Some aspects of bankruptcy law applicable to Chapter 7 are more established while others have come by way of amendment in the past decade or so. As per tradition, repeat applications for Chapter 7 assistance are discouraged, especially right after the last case was settled. The law also requires that the debtor remain active and punctual throughout proceedings relating to his or her claim or he faces dismissal of his case.
The Bankruptcy Abuse Prevention and Consumer Protection Act of 2005 (BAPCPA) served as a major overhaul of Chapter 7 principles, adding the now-standard means test by which bankruptcy abuse is assessed.

How to File
Along with the requisite administrative forms and fees and considerations of particular laws that must be followed in filing for Chapter 7 bankruptcy, a person or company must also follow procedural constraints from beginning to end. Certainly, the forum in which these matters will be heard is of great importance. The clerk of court will usually assign a court and judge based on where the applicant lives or does primary business, and a trustee will be appointed to serve as a bridge between debtor and creditors.

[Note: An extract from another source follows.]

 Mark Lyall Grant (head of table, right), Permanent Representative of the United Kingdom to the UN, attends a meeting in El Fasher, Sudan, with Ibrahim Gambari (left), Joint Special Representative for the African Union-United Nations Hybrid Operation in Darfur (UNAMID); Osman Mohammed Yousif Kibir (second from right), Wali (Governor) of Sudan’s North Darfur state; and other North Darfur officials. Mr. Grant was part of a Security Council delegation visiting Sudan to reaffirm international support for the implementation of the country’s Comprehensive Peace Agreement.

Even before these matters come to pass, though, petitioners should verify that they are eligible for Chapter 7 liquidation of assets at all, checking their income against the median salary of the employed in the United States to see if they make more (often, this will disqualify parties) than the established maximum amount set by the Federal Government.

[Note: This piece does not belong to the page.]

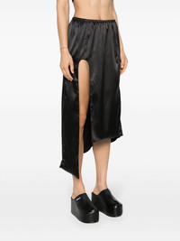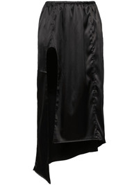 asymmetric satin slip skirt Highlights - Anthracite grey - Satin finish - Elasticated waistband - Pencil silhouette - Side slit - Asymmetric hem - Below-knee length Imported Composition Satin 100% SIZE & FIT Model measurements Height 5 ft 11 in(1.8 m) Bust/Chest 33.07 in(84 cm) Hips 37.4 in(95 cm) Waist 25.19 in(64 cm) FittingInformation Designed with an asymmetric hem, this skirt is intended to be worn just below the waist The elasticated waist allows for a comfortable fit Made from a lightweight non-stretch fabric This piece fits true to size – take your usual size

Though not concerned literally with the actual filing of petitions or documents, readying oneself for the creditors’ meeting is a necessary step in the application process as well. Debtors should be cooperative in all regards and with all parties, especially creditors, and should come with all documents that need to be examined, neatly prepared and organized. On top of this, debtors must be prepared to field questions from both creditors and the trustee, and should be fully aware of potential ramifications of opting for Chapter 7 relief. 

Despite the policies enacted by the 2005 BAPCPA for consistency from year to year with regard to Chapter 7 liquidation petitions, the differences between corporate and non-corporate filings and regional differences are perennially similar. There is a highly significant disparity between cases for individuals and cases for businesses, with the former accounting for higher than 95% of proceedings in bankruptcy court.
As for which parts of the country yield the biggest numbers per annum under Chapter 7, the Ninth Circuit (i.e. northwest and southwest America, Alaska/Hawaii, and Guam/Northern Mariana Islands) is the leader, responsible for almost 250,000 filings a year, while the First Circuit (i.e. New England and Puerto Rico) is the smallest contributor, responsible for less than a fifth of that annually.